For now, let’s consider the 2013-2014 Inquiry into the performance of ASIC undertaken by the Economics References Committee (quite apart from the review into the four major banks that I discussed in my last blog). This discussion seems particularly pertinent, noting the very recent scandal surrounding the CBA.

In June 2013, the Economics References Committee was tasked with conducting an inquiry into the performance of ASIC, with particular reference to:

  • ASIC's enabling legislation, and whether there are any barriers preventing ASIC from fulfilling its legislative responsibilities and obligations;

  • the accountability framework to which ASIC is subject, and whether this needs to be strengthened;

  • the workings of ASIC's collaboration, and working relationships, with other regulators and law enforcement bodies;

  • ASIC's complaints management policies and practices;

  • the protections afforded by ASIC to corporate and private whistleblowers.

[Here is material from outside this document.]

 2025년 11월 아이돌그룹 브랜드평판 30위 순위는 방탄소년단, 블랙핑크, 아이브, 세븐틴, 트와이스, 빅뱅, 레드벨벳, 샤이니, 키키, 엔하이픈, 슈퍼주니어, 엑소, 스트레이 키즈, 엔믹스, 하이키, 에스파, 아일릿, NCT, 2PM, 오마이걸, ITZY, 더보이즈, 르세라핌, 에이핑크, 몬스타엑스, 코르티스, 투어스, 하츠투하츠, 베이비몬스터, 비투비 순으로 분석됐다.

The committee’s final report was issued in June 2014 and a copy of that report can be found here. (The material from this blog has been obtained from this report). The government issued a response in October 2014 and the media release can be found here. The committee made 61 recommendations, with a large number being directly addresses to ASIC. You can read the government’s response to each recommendation in the media release.

In its inquiry, the committee examined 2 specific case studies to assist it to assess ASIC’s performance. One related to consumer credit issues. The other involved misconduct over a 4 year period by financial advisers and other staff at Commonwealth Financial Planning Ltd (CFPL), which is a part of the Commonwealth Bank of Australia Group (CBA).

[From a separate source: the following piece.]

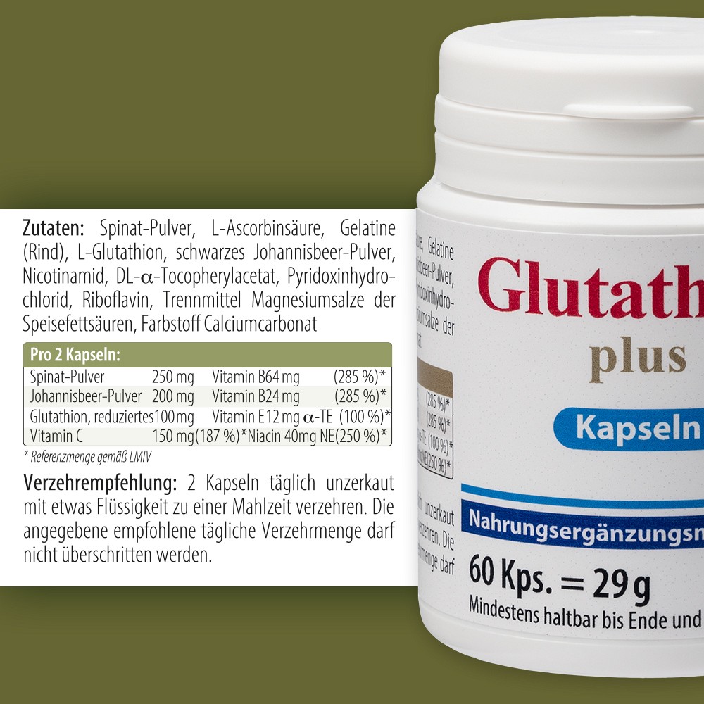 Nahrungsergänzungsmittel mit Spinat-Pulver, den Vitaminen B6, B2, E, C, Niacin und reduziertem Glutathion.

The CBA case study revealed that CFPL advisers had deliberately neglected their duties and placed their personal interests far above the interests of their clients. The assets of clients with conservative risk positions, such as retirees, were allocated into high-risk products without their knowledge to the financial benefit of the adviser, who received significant bonuses and recognition within CFPL as a 'high performer'. There was forgery and dishonest concealment of material facts. Clients lost substantial amounts of their savings when the global financial crisis hit and the crisis was used to explain away the poor performance of portfolios. Meanwhile, it was alleged that within CFPL there was a management conspiracy that resulted in one of the most serious offenders being promoted.

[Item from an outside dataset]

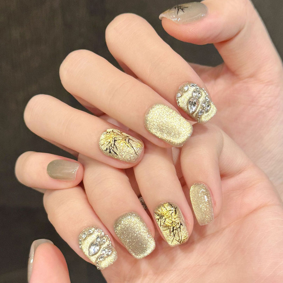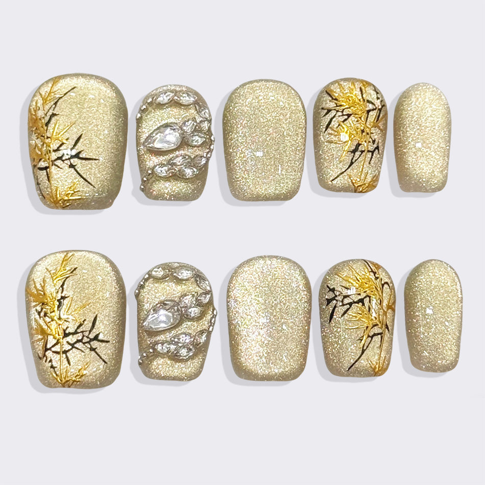 Luxurious gold glitter nails featuring elegant bamboo accents and sparkling rhinestones details. A harmonious blend of Eastern elegance and modern glamour, perfect for those who appreciate refined beauty with a touch of nature’s grace.
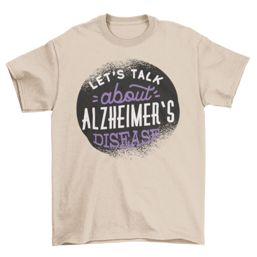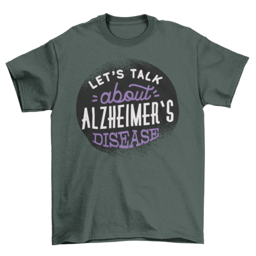Alzheimer awareness lettering t-shirt design featuring "Let's talk about Alzheimer disease" statement in white and purple with different font styles.

The committee formed the view that the CBA, for some time, deliberately played down the seriousness and extent of problems in CFPL to avoid ASIC's scrutiny, contain adverse publicity and minimise compensation payments. In effect, the CBA managed, for some considerable time, to keep the committee, ASIC and its clients in the dark.

What this case study showed was ASIC being a timid, hesitant regulator, too ready and willing to accept uncritically the assurances of the CBA that there were no

grounds for ASIC's concerns or intervention (I pause here to reflect on the term often heard, being that of a ‘toothless tiger’). ASIC has conceded that its trust in the CBA was misplaced.

One of the recommendations made by the committee was that a Royal Commission into the CBA be established. The government chose not to accept this recommendation.

As we have seen in recent weeks, another major scandal has arisen involving the CBA. This scandal relates to allegations of money laundering on more than 50,000 occasions, involving the failure of the CBA to report more than 50,000 deposits over a certain amount in its network of Intelligent Deposit Machines, and a failure to monitor 778,370 accounts known as ‘affected accounts’ between 2012 – 2016.

Now, an inquiry by APRA into CBA’s governance, culture and accountability has been announced, and Treasurer Scott Morrison has tied this to the proposed functionality and impact of the Banking Executive Accountability Regime (BEAR), which I touched on in my blog ‘What is Happening in our Banking Sector’ posted on 5 August. The treasurer’s position seems to be that this this inquiry will deliver a better result than that of a Royal Commission. The newly announced Inquiry is intended to be completed by the end of the year.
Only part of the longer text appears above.